WHAT IS BEING ASKED: Print every entry exactly as it appears, but skip the pictures.

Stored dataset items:
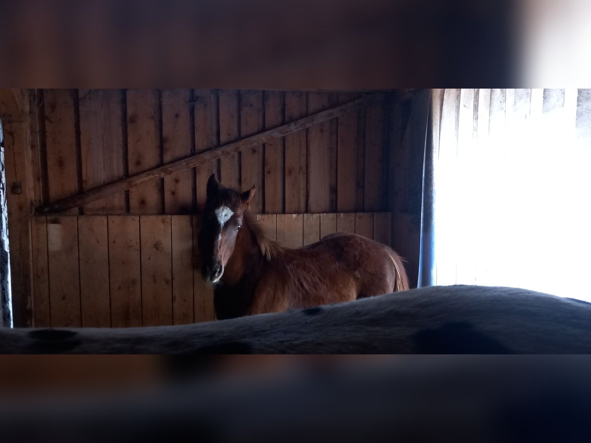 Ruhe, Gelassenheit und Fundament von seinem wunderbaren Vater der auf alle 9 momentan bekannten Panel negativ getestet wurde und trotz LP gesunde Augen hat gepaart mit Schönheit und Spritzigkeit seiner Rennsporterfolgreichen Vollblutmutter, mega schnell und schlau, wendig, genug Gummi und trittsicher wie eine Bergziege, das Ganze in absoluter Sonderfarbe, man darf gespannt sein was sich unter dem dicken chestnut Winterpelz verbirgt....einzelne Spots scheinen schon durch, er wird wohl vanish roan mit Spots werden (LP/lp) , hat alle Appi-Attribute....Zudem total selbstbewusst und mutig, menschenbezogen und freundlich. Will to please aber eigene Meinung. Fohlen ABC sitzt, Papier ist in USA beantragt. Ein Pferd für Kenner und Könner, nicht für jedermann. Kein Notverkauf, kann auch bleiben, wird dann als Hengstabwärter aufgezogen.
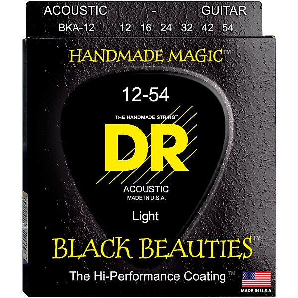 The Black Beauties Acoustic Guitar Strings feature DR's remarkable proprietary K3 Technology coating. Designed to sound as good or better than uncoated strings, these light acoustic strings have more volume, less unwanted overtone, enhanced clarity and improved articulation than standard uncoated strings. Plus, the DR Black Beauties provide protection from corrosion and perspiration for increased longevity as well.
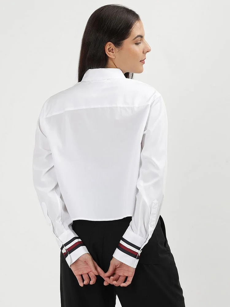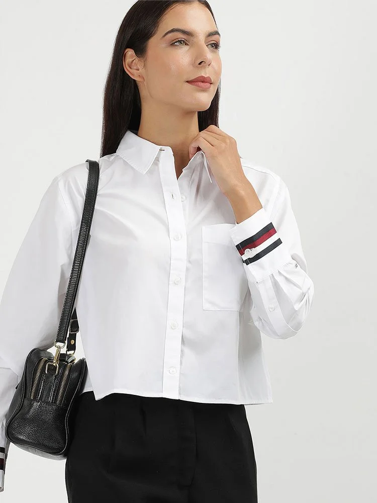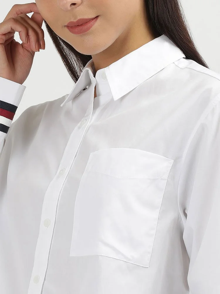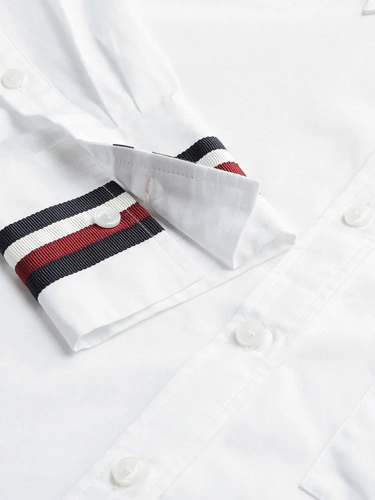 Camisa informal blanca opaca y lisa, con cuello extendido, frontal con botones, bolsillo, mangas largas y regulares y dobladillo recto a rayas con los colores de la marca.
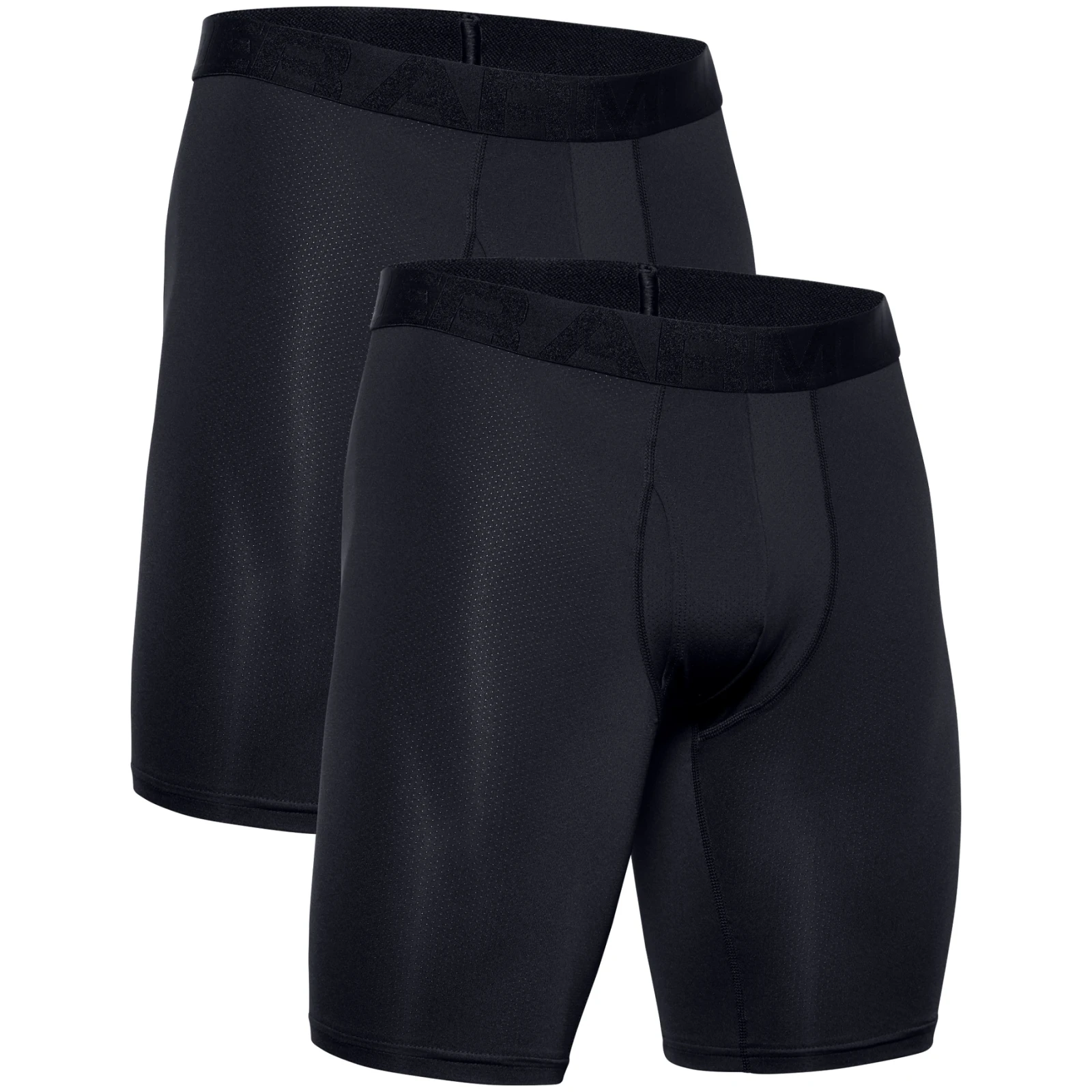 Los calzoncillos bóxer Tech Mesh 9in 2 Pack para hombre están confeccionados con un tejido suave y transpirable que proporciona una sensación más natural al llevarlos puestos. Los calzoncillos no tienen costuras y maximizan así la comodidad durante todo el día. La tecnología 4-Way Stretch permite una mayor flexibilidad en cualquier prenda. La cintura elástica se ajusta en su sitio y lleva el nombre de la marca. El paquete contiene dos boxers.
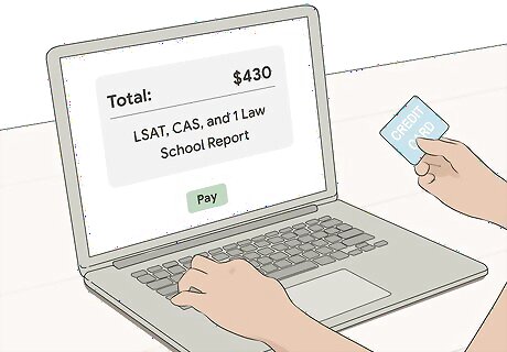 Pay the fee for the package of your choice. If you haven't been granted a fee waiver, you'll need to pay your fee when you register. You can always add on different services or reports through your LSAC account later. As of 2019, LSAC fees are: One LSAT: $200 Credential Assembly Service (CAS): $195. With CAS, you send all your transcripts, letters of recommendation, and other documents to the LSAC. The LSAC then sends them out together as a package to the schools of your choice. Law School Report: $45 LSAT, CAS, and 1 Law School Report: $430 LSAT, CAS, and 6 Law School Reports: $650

ANSWER:
 Ruhe, Gelassenheit und Fundament von seinem wunderbaren Vater der auf alle 9 momentan bekannten Panel negativ getestet wurde und trotz LP gesunde Augen hat gepaart mit Schönheit und Spritzigkeit seiner Rennsporterfolgreichen Vollblutmutter, mega schnell und schlau, wendig, genug Gummi und trittsicher wie eine Bergziege, das Ganze in absoluter Sonderfarbe, man darf gespannt sein was sich unter dem dicken chestnut Winterpelz verbirgt....einzelne Spots scheinen schon durch, er wird wohl vanish roan mit Spots werden (LP/lp) , hat alle Appi-Attribute....Zudem total selbstbewusst und mutig, menschenbezogen und freundlich. Will to please aber eigene Meinung. Fohlen ABC sitzt, Papier ist in USA beantragt. Ein Pferd für Kenner und Könner, nicht für jedermann. Kein Notverkauf, kann auch bleiben, wird dann als Hengstabwärter aufgezogen.
 The Black Beauties Acoustic Guitar Strings feature DR's remarkable proprietary K3 Technology coating. Designed to sound as good or better than uncoated strings, these light acoustic strings have more volume, less unwanted overtone, enhanced clarity and improved articulation than standard uncoated strings. Plus, the DR Black Beauties provide protection from corrosion and perspiration for increased longevity as well.
 Camisa informal blanca opaca y lisa, con cuello extendido, frontal con botones, bolsillo, mangas largas y regulares y dobladillo recto a rayas con los colores de la marca.
 Los calzoncillos bóxer Tech Mesh 9in 2 Pack para hombre están confeccionados con un tejido suave y transpirable que proporciona una sensación más natural al llevarlos puestos. Los calzoncillos no tienen costuras y maximizan así la comodidad durante todo el día. La tecnología 4-Way Stretch permite una mayor flexibilidad en cualquier prenda. La cintura elástica se ajusta en su sitio y lleva el nombre de la marca. El paquete contiene dos boxers.
 Pay the fee for the package of your choice. If you haven't been granted a fee waiver, you'll need to pay your fee when you register. You can always add on different services or reports through your LSAC account later. As of 2019, LSAC fees are: One LSAT: $200 Credential Assembly Service (CAS): $195. With CAS, you send all your transcripts, letters of recommendation, and other documents to the LSAC. The LSAC then sends them out together as a package to the schools of your choice. Law School Report: $45 LSAT, CAS, and 1 Law School Report: $430 LSAT, CAS, and 6 Law School Reports: $650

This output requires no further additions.